Replace L2 JWT auth with OAuth SSO via account.rose-ash.com

- config.py: OAuth settings replace l2_server/l2_domain
- auth.py: full rewrite — login/callback/logout with itsdangerous
  signed state cookies and httpx token exchange
- dependencies.py: remove l2_server assignment, fix redirect path
- home.py: simplify /login to redirect to /auth/login
- base.html: cross-app nav (Blog, Market, Account) + Rose Ash branding
- requirements.txt: add itsdangerous

Co-Authored-By: Claude Opus 4.6 <noreply@anthropic.com>

app/routers/auth.py

@@ -1,122 +1,123 @@
 """
-Authentication routes for L1 server.
+Authentication routes — OAuth2 authorization code flow via account.rose-ash.com.
 
-L1 doesn't handle login directly - users log in at their L2 server.

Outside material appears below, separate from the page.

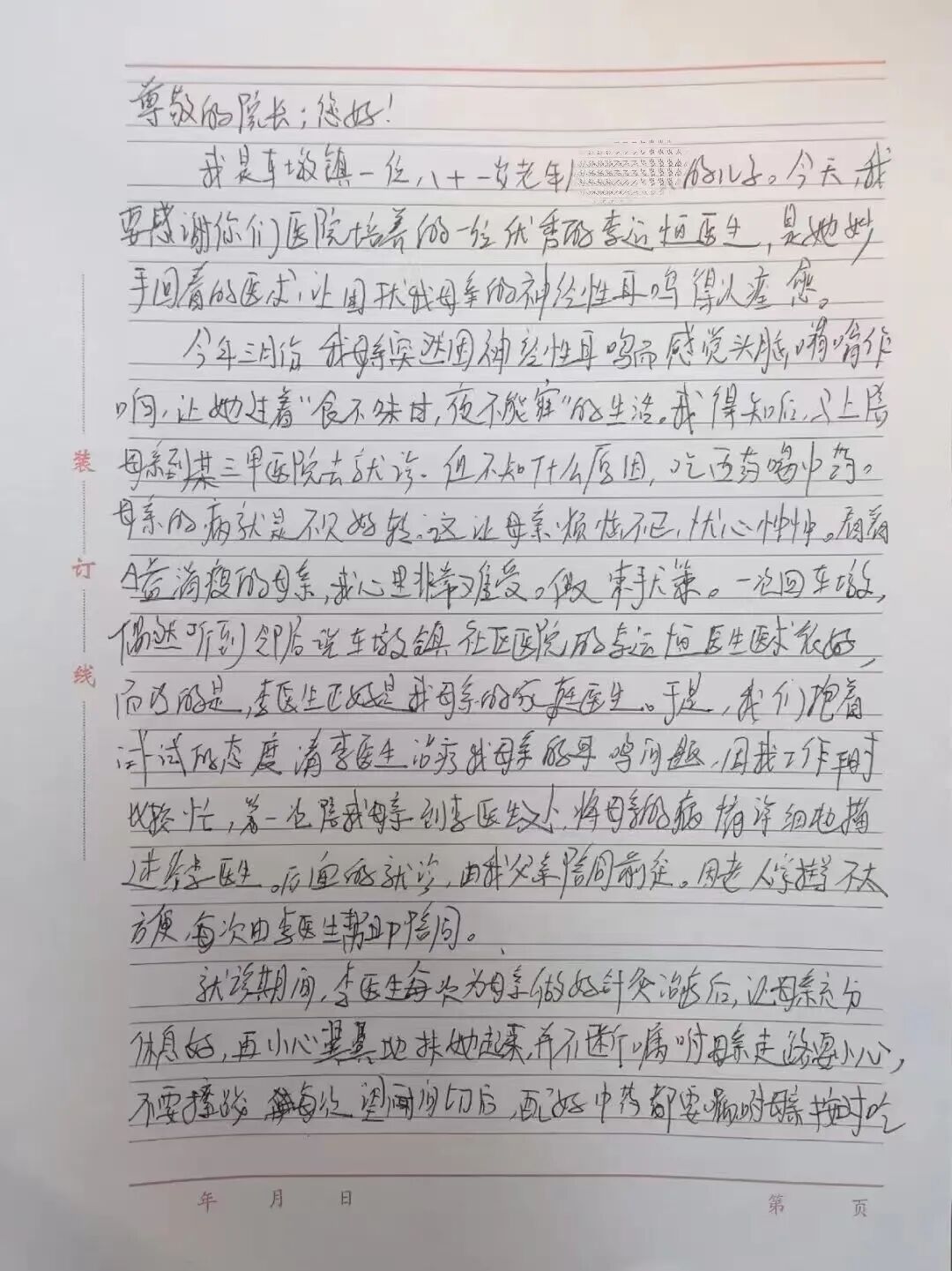 经过近两个月的精心治疗,张先生母亲的神经性耳鸣痊愈了,老人儿子深情写下了一封千字手写感谢信,这是耳病专病门诊众多案例中的一个缩影。

-Token is passed via URL from L2 redirect, then L1 sets its own cookie.
+GET  /auth/login    — redirect to account OAuth authorize
+GET  /auth/callback — exchange code for user info, set session cookie
+GET  /auth/logout   — clear cookie, redirect through account SSO logout
 """
 
-from fastapi import APIRouter, Depends, HTTPException, Request
+import secrets
+
+import httpx
+from fastapi import APIRouter, Request
 from fastapi.responses import RedirectResponse
-from fastapi.security import HTTPBearer, HTTPAuthorizationCredentials
-from pydantic import BaseModel
+from itsdangerous import URLSafeSerializer
 
-from ..dependencies import get_redis_client
-from ..services.auth_service import AuthService
+from artdag_common.middleware.auth import UserContext, set_auth_cookie, clear_auth_cookie
+
+from ..config import settings
 
 router = APIRouter()
-security = HTTPBearer(auto_error=False)
+
+_signer = None
 
 
-def get_auth_service():
-    """Get auth service instance."""
-    return AuthService(get_redis_client())

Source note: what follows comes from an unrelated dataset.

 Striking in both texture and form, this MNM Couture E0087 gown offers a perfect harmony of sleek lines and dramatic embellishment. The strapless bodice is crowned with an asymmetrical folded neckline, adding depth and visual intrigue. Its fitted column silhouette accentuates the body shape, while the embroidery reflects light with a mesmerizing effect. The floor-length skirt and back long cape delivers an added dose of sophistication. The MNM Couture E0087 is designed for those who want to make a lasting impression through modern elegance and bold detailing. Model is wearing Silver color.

+def _get_signer() -> URLSafeSerializer:
+    global _signer
+    if _signer is None:
+        _signer = URLSafeSerializer(settings.secret_key, salt="oauth-state")
+    return _signer
 
 
-class RevokeUserRequest(BaseModel):
-    """Request to revoke all tokens for a user."""
-    username: str
-    l2_server: str
+@router.get("/login")
+async def login(request: Request):
+    """Store state + next in signed cookie, redirect to account OAuth authorize."""

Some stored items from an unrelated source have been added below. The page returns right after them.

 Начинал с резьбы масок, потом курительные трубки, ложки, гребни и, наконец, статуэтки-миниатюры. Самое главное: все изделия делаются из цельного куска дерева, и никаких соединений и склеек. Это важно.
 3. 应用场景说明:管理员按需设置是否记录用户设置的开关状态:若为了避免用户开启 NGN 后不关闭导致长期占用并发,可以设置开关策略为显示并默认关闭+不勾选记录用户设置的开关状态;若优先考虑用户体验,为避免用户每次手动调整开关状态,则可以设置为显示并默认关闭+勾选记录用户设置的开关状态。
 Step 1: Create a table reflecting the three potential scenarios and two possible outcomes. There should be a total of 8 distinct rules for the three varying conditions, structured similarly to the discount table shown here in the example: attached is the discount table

+    next_url = request.query_params.get("next", "/")
+    state = secrets.token_urlsafe(32)
 
+    signer = _get_signer()
+    state_payload = signer.dumps({"state": state, "next": next_url})
 
-@router.get("")
-async def auth_callback(
-    request: Request,
-    auth_token: str = None,
-    auth_service: AuthService = Depends(get_auth_service),
-):
-    """
-    Receive auth token from L2 redirect and set local cookie.
-
-    This enables cross-subdomain auth on iOS Safari which blocks shared cookies.
-    L2 redirects here with ?auth_token=... after user logs in.
-    """
-    if not auth_token:
-        return RedirectResponse(url="/", status_code=302)
-
-    # Verify the token is valid
-    ctx = await auth_service.verify_token_with_l2(auth_token)
-    if not ctx:
-        return RedirectResponse(url="/", status_code=302)
-
-    # Register token for this user (for revocation by username later)
-    auth_service.register_user_token(ctx.username, auth_token)
-
-    # Set local first-party cookie and redirect to runs
-    response = RedirectResponse(url="/runs", status_code=302)
-    response.set_cookie(
-        key="auth_token",
-        value=auth_token,
-        httponly=True,
-        max_age=60 * 60 * 24 * 30,  # 30 days
-        samesite="lax",
-        secure=True
+    authorize_url = (
+        f"{settings.oauth_authorize_url}"
+        f"?client_id={settings.oauth_client_id}"
+        f"&redirect_uri={settings.oauth_redirect_uri}"
+        f"&state={state}"
     )
+
+    response = RedirectResponse(url=authorize_url, status_code=302)
+    response.set_cookie(
+        key="oauth_state",
+        value=state_payload,
+        max_age=600,  # 10 minutes
+        httponly=True,
+        samesite="lax",
+        secure=True,
+    )
+    return response
+
+
+@router.get("/callback")
+async def callback(request: Request):
+    """Validate state, exchange code via token endpoint, set session cookie."""
+    code = request.query_params.get("code", "")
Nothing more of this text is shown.